I’m excited to announce the beginning of the new school year for students at the Wilder School of Government and Public Affairs at VCU. Especially for our new students, this marks the beginning of an experience they will remember for the rest of their lives.
As these students begin or continue their education, they are setting a path forward for successful careers and emerging leaders in public service. Each time I visit the campus, I enjoy the opportunity to speak with the students and learn about their goals and ambitions.
It’s also important to acknowledge the transformative leadership of Wilder School Dean Susan Gooden. As a world-class researcher and public policy expert, she brings decades of experience and understanding of the challenges and opportunities facing higher education today. In addition to improving the academic hands-on learning experiences for students, she has been extremely skillful in increasing the reputation of the Wilder School, as evidenced by the continuing rise in our national rankings from the U.S. News & Report.
Below is the welcome back message Dean Gooden shared this morning. It’s an excellent report of accomplishments and opportunities to look forward to in the coming year.
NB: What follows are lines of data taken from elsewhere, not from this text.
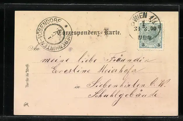 Personenbezogene Daten auf der Rückseite der Karte wurden durch blauen Textmarker unkenntlich gemacht. Die blauen Stellen sind auf die Vorderseite durchgeweicht und wirken sich negativ auf das Postkartenfoto aus
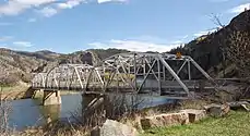 Eager to replicate the autobahn system of superhighways which Nazi Germany had constructed in the 1930s (and which proved critical to its war effort), the Public Road Administration (now known as the Federal Highway Administration) proposed a system of "interstate defense highways" in 1947. The agency's map of defense highways was based on the critical-needs designation of World War II. Nothing came of this proposal until 1956, when President Dwight Eisenhower signed the Federal Aid Highway Act of 1956 into law. This legislation largely implement the federal government's 1947 call for a system of ultra-modern, fast, easily accessed superhighways across the nation. The legislation authorized the expenditure of $25 billion to construct these "interstate highways" from 1957 to 1969.[21] Interstate 15's alignment north of Helena generated controversy, but an alignment along U.S. Route 91 was decided. One of the first contracts issued for a section of interstate was for the Ulm-to-Cascade section just north of Wolf Creek Canyon. The section through Wolf Creek Canyon was completed by the mid-1960s. (The state's first interstate rest area was completed in Wolf Creek Canyon in 1963.)[22] Most of U.S. Route 91 was removed during the construction of Interstate 91, although small portions through Wolf Creek Canyon continue to exist as frontage roads or local county roads.[18] Construction of Interstate 15 bypassed the Hardy Bridge, leaving the structure little-used.[2]
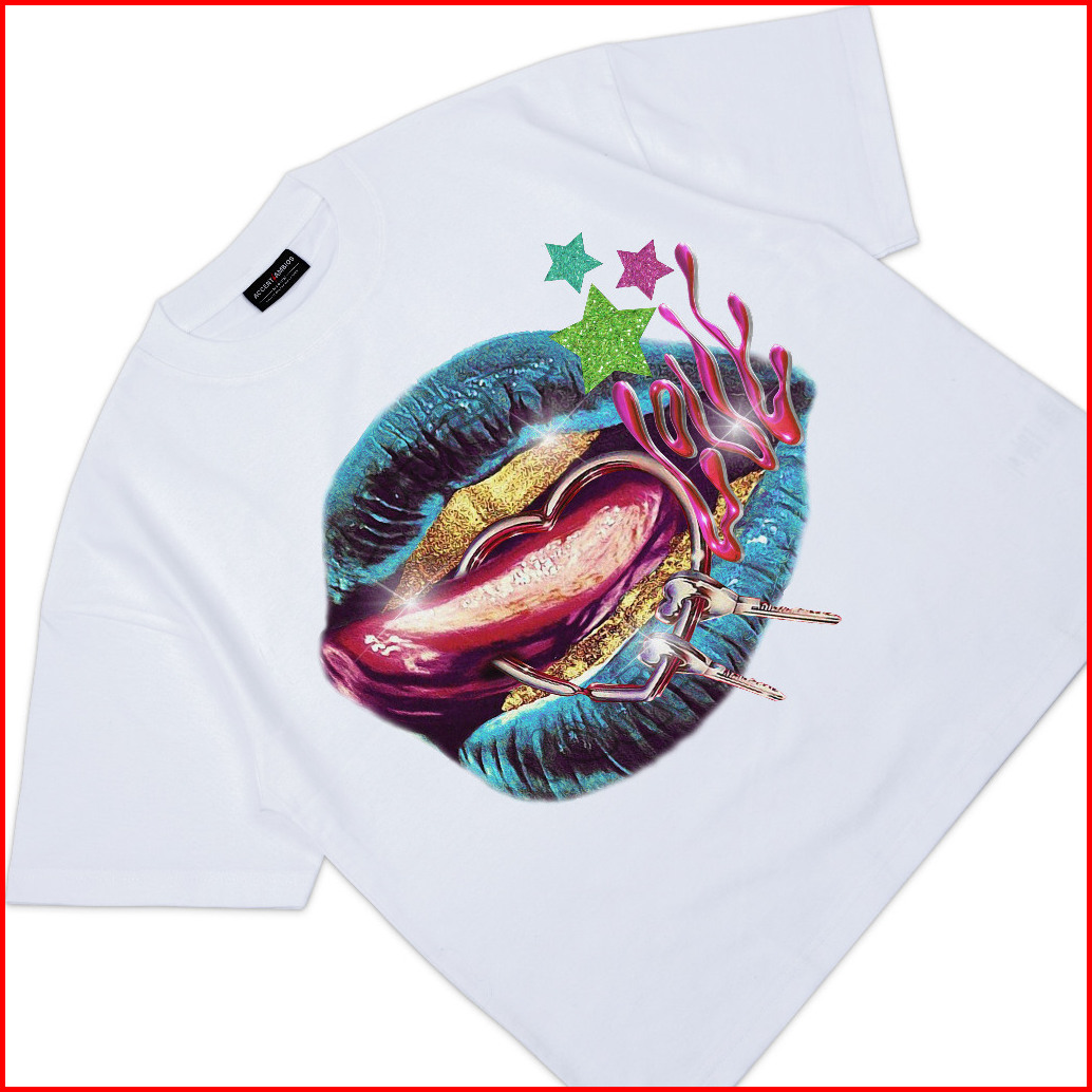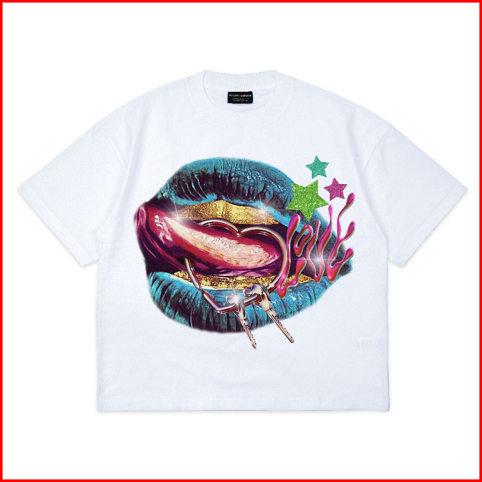 Accentambios Boxy Oversized Tshirt Rainbow Lips White - Cotton Combed 20s

Once again, welcome back and here’s to another outstanding year.
We’ve accomplished a lot in the past year, as the Wilder School continues to be ranked #1 among Schools of Public Affairs in the Commonwealth of Virginia and ranked in the top 15% nationally, at #35 in the 2023 U.S. News & World Report rankings. Since 2018, the Wilder School’s public affairs graduate school position has risen 21 spots and the 2023 distinctions mark the school’s highest rankings since its creation in 2004. Go Team Wilder!
A few impressive points of pride from last year include the Master’s of Urban and Regional Planning degree program receiving full, seven year accreditation by the Planning Accreditation Board; the recognition of Criminal Justice faculty member, Dr. Jay Albanese, with the Outstanding Faculty Award from the State Council of Higher Education for Virginia (SCHEV), the highest honor for faculty members, recognizing superior accomplishments in teaching, research and public service (and a Wilder School first!); Best Value Schools recently featured our Master’s in Homeland Security and Emergency Preparedness as one of the 2021 Best Master’s in Emergency Management Online programs in the country; and the National Academic Advising Association (NACADA), the preeminent global network for academic advising, named Dr. Shajuana Isom-Payne as the recipient of the 2022 Outstanding Advocate for Academic Advising Award for Region 2.
The critical work of our Racial Equity Action Plan (REAP) continued, including one of the most tangible outcomes—a Wilder School book project, The Triple Pandemic: Implications for Racial Equity and Public Policy, which is in-press for publication and includes a foreword from our school’s namesake, Governor L. Douglas Wilder.
Our academic and center and institute faculty secured over $5 million in external funding during FY22, which is double that of last year’s record high. Our newest institute, the Research Institute for Social Equity (RISE) received $3 million in funding from the Commonwealth of Virginia which will significantly expand its role in promoting social justice research, academic scholarship and public engagement under the leadership of inaugural RISE director, Dr. Nakeina Douglas-Glenn.
Our Excellence in Virginia Government Awards (EVGA) luncheon made a phenomenal in-person return in April 2022, with more than 250 attendees as we celebrated and recognized Virginia public servants who have made exceptional contributions to the practice of government and improving the livelihood of our communities.
The Wilder School’s Commonwealth Poll, a CNN recognized poll, continues to lead the way in providing clear and accurate polling of the opinions of Virginia’s citizens and residents on an array of public policy issues, including the 2021 Virginia gubernatorial election.
Our signature fall event, the Wilder Symposium will be held in person on Monday, September 19 from 6:00-7:30 p.m. in the Singleton Center. Racism, Health, and Accountability with keynote speaker Governor L. Douglas Wilder, will discuss the complex ethical issues exposed during the case of Bruce Tucker, a Black man, whose heart was transplanted into a white businessman without the family’s consent at MCV in 1968. Wilder filed a lawsuit, representing Tucker’s family on their quest for justice and accountability and will trace the role of institutionalized racism to today’s continuing battle for healthcare equity and access.
Hosted by the Wilder School and University College, this symposium is part of a larger series based on the 2022-2023 VCU Common Book, The Organ Thieves: The Shocking Story of the First Heart Transplant in the Segregated South by Chip Jones. The book follows a long legacy of mistreatment of African Americans for unethical medical advancement in the segregated south.
The 2022-23 academic year promises to be filled with many opportunities and new accomplishments as we lead the way in public service excellence through our teaching, research and service. Thanks to each of you for your energetic commitment to the Wilder School! Let’s make it another great year!